**TASK DETAILS**. Pictures must not appear in the copy. Restate exactly the lines below from the one with "XGN2-12(Z)箱型固定交流金屬封閉開關設備" through the one with "Overdrive is a", inclusive.

**RECORD EXTRACTS**.
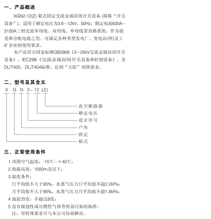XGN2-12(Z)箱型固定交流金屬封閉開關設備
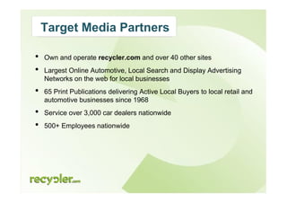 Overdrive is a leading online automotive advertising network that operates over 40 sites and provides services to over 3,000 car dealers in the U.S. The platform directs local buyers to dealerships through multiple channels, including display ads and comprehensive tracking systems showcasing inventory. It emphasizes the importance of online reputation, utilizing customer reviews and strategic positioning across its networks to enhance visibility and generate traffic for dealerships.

==

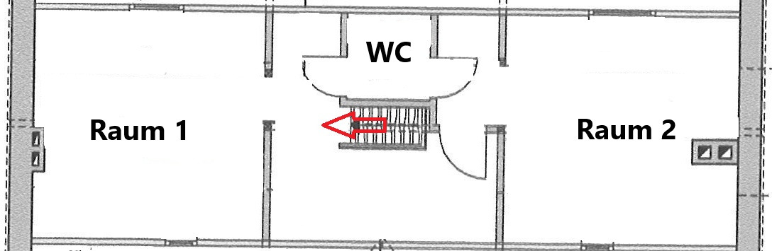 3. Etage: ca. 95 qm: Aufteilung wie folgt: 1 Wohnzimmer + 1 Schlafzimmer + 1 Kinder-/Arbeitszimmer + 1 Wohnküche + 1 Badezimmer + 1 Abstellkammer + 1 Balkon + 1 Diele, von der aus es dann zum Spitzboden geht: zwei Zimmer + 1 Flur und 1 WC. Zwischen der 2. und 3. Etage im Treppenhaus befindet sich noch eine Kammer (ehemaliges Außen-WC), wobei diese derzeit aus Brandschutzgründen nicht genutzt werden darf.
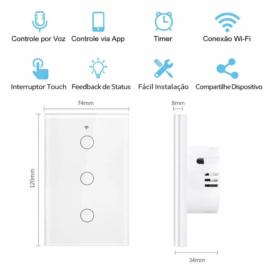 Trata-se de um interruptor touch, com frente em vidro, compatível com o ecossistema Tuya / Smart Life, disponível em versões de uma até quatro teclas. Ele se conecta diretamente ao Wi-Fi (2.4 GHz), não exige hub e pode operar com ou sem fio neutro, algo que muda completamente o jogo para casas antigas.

**ANSWER**.
XGN2-12(Z)箱型固定交流金屬封閉開關設備
 Overdrive is a leading online automotive advertising network that operates over 40 sites and provides services to over 3,000 car dealers in the U.S. The platform directs local buyers to dealerships through multiple channels, including display ads and comprehensive tracking systems showcasing inventory. It emphasizes the importance of online reputation, utilizing customer reviews and strategic positioning across its networks to enhance visibility and generate traffic for dealerships.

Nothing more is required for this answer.